### What is required
The expected response is an exact repetition of every record, with images excluded.

### Material provided
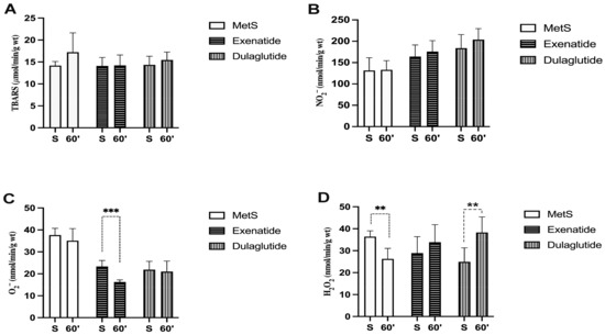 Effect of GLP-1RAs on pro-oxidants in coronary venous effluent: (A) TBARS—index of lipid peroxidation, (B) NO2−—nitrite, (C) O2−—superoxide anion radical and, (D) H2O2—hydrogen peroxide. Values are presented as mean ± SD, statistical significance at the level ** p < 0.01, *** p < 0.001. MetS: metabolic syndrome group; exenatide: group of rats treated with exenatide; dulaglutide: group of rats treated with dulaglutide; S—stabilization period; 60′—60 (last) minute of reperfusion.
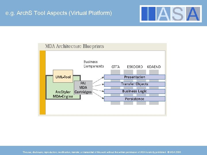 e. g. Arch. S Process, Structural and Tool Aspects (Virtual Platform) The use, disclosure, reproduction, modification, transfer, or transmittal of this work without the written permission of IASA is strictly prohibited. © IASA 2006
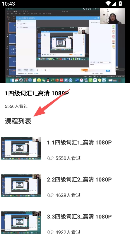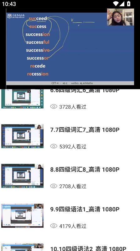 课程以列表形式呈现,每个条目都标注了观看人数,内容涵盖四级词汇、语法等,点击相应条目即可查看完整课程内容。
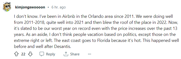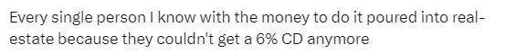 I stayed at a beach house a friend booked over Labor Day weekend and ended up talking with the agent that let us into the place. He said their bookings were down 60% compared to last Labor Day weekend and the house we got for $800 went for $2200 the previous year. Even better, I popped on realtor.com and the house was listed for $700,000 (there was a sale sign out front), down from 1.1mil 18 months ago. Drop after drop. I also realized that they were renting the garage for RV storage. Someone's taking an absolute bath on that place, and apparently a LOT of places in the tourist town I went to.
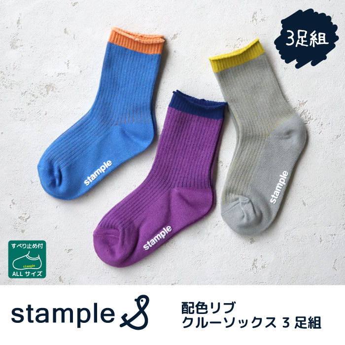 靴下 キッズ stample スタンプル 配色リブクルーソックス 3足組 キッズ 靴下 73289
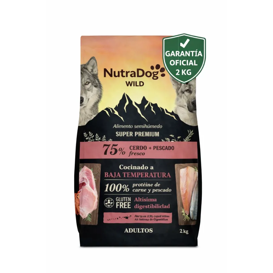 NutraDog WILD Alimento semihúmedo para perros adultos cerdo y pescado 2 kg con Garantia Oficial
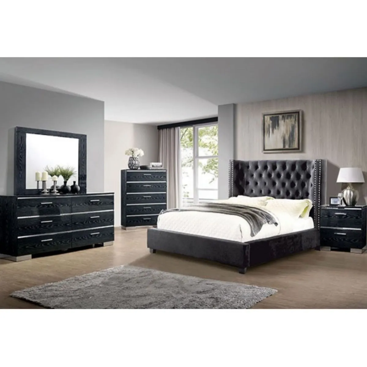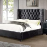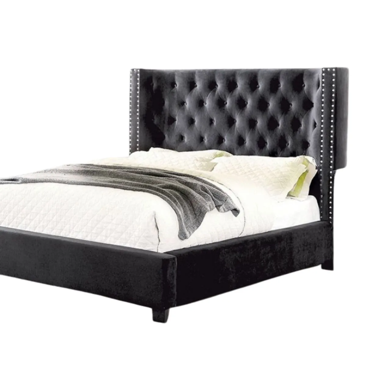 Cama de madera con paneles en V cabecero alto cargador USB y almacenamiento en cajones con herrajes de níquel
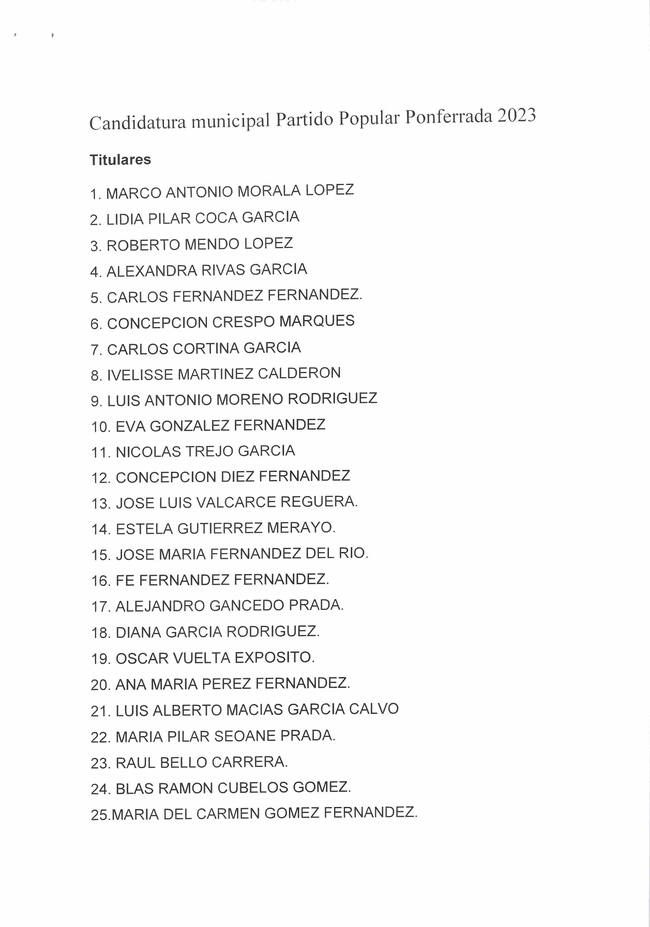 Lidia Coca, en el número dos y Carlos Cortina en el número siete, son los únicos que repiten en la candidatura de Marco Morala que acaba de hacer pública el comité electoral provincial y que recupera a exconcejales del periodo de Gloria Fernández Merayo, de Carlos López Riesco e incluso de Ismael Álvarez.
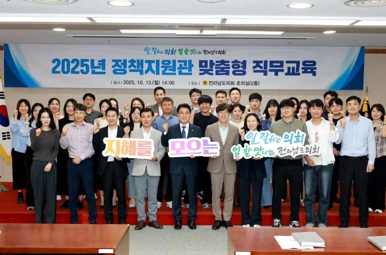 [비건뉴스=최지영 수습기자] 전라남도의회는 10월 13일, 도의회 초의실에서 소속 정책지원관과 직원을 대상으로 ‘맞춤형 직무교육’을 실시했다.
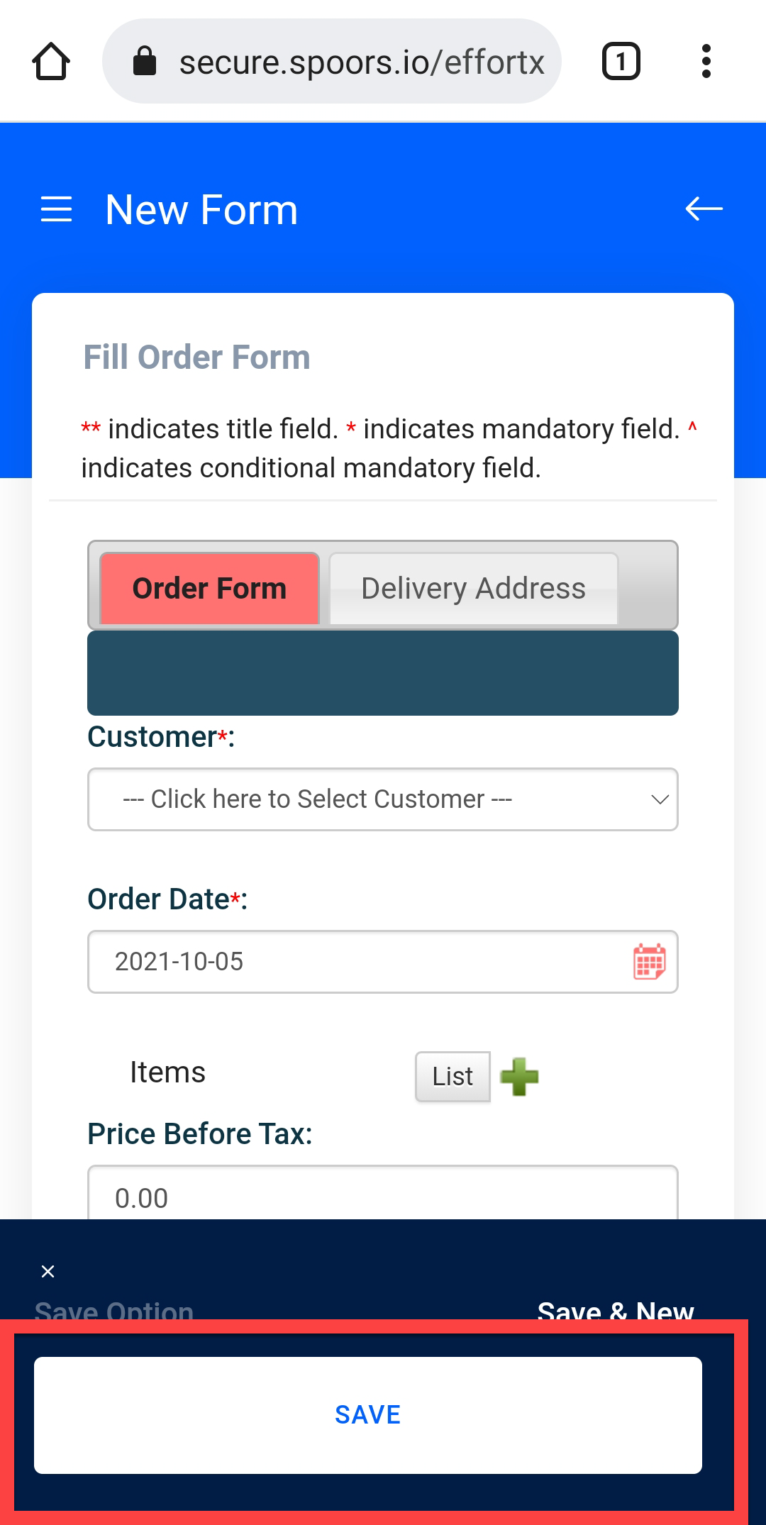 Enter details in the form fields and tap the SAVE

### Reply
 Effect of GLP-1RAs on pro-oxidants in coronary venous effluent: (A) TBARS—index of lipid peroxidation, (B) NO2−—nitrite, (C) O2−—superoxide anion radical and, (D) H2O2—hydrogen peroxide. Values are presented as mean ± SD, statistical significance at the level ** p < 0.01, *** p < 0.001. MetS: metabolic syndrome group; exenatide: group of rats treated with exenatide; dulaglutide: group of rats treated with dulaglutide; S—stabilization period; 60′—60 (last) minute of reperfusion.
 e. g. Arch. S Process, Structural and Tool Aspects (Virtual Platform) The use, disclosure, reproduction, modification, transfer, or transmittal of this work without the written permission of IASA is strictly prohibited. © IASA 2006
 课程以列表形式呈现,每个条目都标注了观看人数,内容涵盖四级词汇、语法等,点击相应条目即可查看完整课程内容。
 I stayed at a beach house a friend booked over Labor Day weekend and ended up talking with the agent that let us into the place. He said their bookings were down 60% compared to last Labor Day weekend and the house we got for $800 went for $2200 the previous year. Even better, I popped on realtor.com and the house was listed for $700,000 (there was a sale sign out front), down from 1.1mil 18 months ago. Drop after drop. I also realized that they were renting the garage for RV storage. Someone's taking an absolute bath on that place, and apparently a LOT of places in the tourist town I went to.
 靴下 キッズ stample スタンプル 配色リブクルーソックス 3足組 キッズ 靴下 73289
 NutraDog WILD Alimento semihúmedo para perros adultos cerdo y pescado 2 kg con Garantia Oficial
 Cama de madera con paneles en V cabecero alto cargador USB y almacenamiento en cajones con herrajes de níquel
 Lidia Coca, en el número dos y Carlos Cortina en el número siete, son los únicos que repiten en la candidatura de Marco Morala que acaba de hacer pública el comité electoral provincial y que recupera a exconcejales del periodo de Gloria Fernández Merayo, de Carlos López Riesco e incluso de Ismael Álvarez.
 [비건뉴스=최지영 수습기자] 전라남도의회는 10월 13일, 도의회 초의실에서 소속 정책지원관과 직원을 대상으로 ‘맞춤형 직무교육’을 실시했다.
 Enter details in the form fields and tap the SAVE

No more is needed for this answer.